C’est ce que le pape appelle le paradigme technocratique, une vision du monde basée sur la science et le progrès technique, qui a dérivé en un surdéveloppement où consommation et gaspillage vont de pair et qui a phagocyté l’économie et anéanti la politique. Lisons et relisons la phrase qui suit, elle est extrêmement claire : « Il devient indispensable de créer un système normatif qui implique des limites infranchissables et assure la protection des écosystèmes, avant que les nouvelles formes de pouvoir dérivées du paradigme techno-économique ne finissent par raser non seulement la politique mais aussi la liberté et la justice. »

Le Pape voit plus loin que la crise écologique. S’attaquer à la crise écologique seule ne suffira pas car « l’environnement humain et l’environnement naturel se dégradent ensemble, et nous ne pourrons pas affronter adéquatement la dégradation de l’environnement si nous ne prêtons pas attention aux causes qui sont en rapport avec la dégradation humaine et sociale. » Et pour lutter contre la dégradation de l’environnement humain, il faut changer de système économique. En effet, « les pouvoirs économiques continuent de justifier le système mondial actuel, où priment une spéculation et une recherche du revenu financier qui tendent à ignorer tout contexte, de même que les effets sur la dignité humaine et sur l’environnement. Voilà pourquoi aujourd'hui tout ce qui est fragile, comme l'environnement, reste sans défense par rapport aux intérêts du marché divinisé, transformés en règle absolue. »

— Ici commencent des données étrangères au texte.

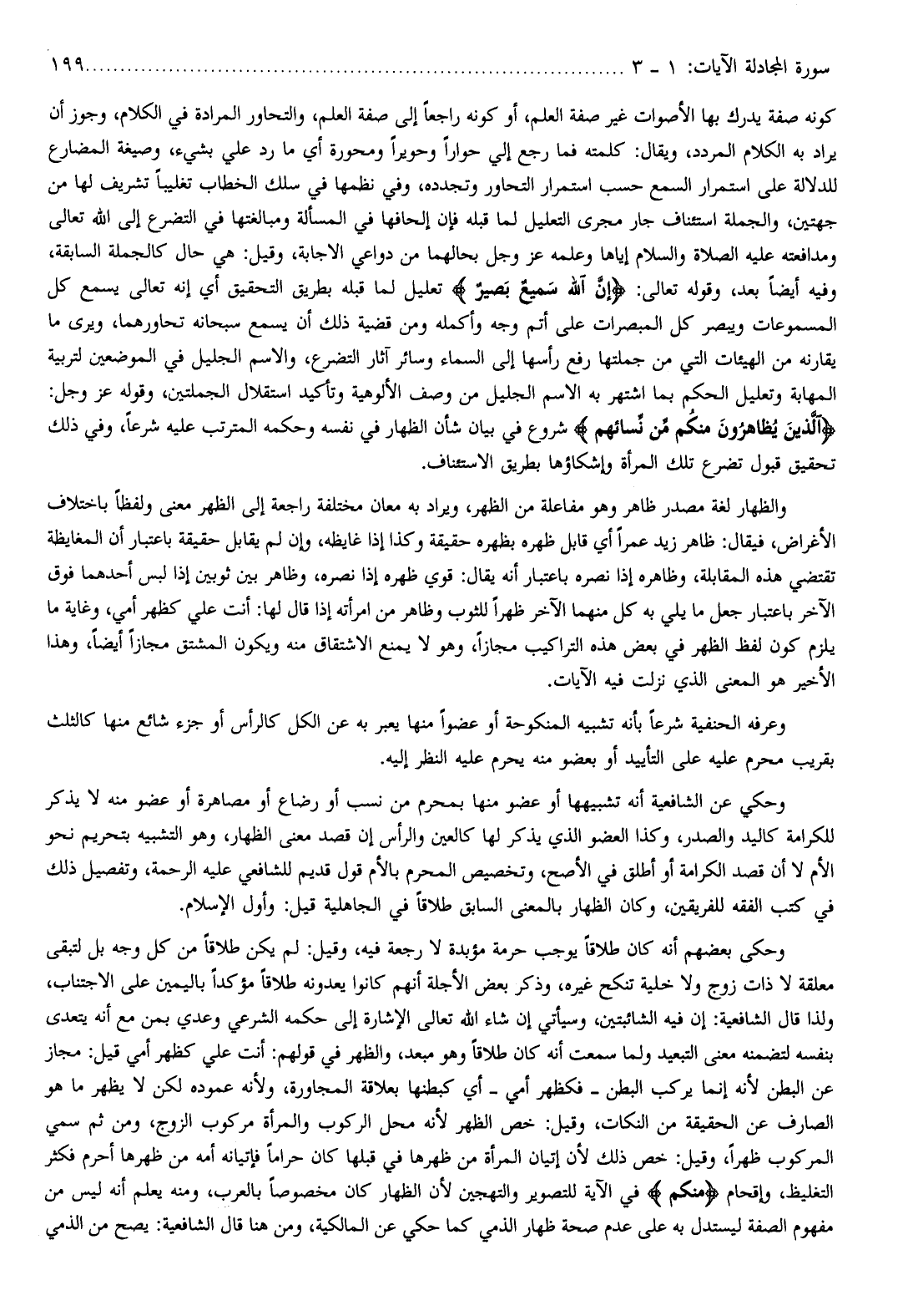 الَّذِينَ يُظاهِرُونَ مِنْكُمْ مِنْ نِسائِهِمْ شروع في بيان شأن الظهار في نفسه وحكمه المترتب عليه شرعا، وفي ذلك تحقيق قبول تضرع تلك المرأة وإشكاؤها بطريق الاستئناف.

L’écologie, nous dit le Pape, ne peut être qu’intégrale et englober la défense de tout ce qui est fragile, l’environnement, les plus pauvres et les plus exposés aux aléas climatiques, mais aussi les plus faibles. Cette écologie intégrale inclut la défense de l’environnement, le rejet d’un modèle économique qui prône le gaspillage et le déchet, mais aussi la promotion d’une écologie humaine, à rebours des malthusiens de tout poil pour lesquels on est trop nombreux sur cette planète.

« La culture écologique ne peut pas se réduire à une série de réponses urgentes et partielles aux problèmes qui sont en train d’apparaître par rapport à la dégradation de l’environnement, à l’épuisement des réserves naturelles et à la pollution. Elle devrait être un regard différent, une pensée, une politique, un programme éducatif, un style de vie et une spiritualité qui constitueraient une résistance face à l’avancée du paradigme technocratique. »

Cette encyclique est un programme, un texte qui devrait être lu par tous les hommes et femmes de bonne volonté et gardé à portée de main comme un bréviaire ou le petit livre rouge. Car cette encyclique ne sera vraiment miraculeuse que si elle permet de fédérer des énergies venues de tous horizons et faisant fi de leurs divergences profondes pour un but commun. Comme l’écrit Nicolino dans le billet cité plus haut, « chaque homme sur cette Terre pourra désormais s’appuyer, quoi qu’il arrive, sur cette immense et majestueuse tirade ».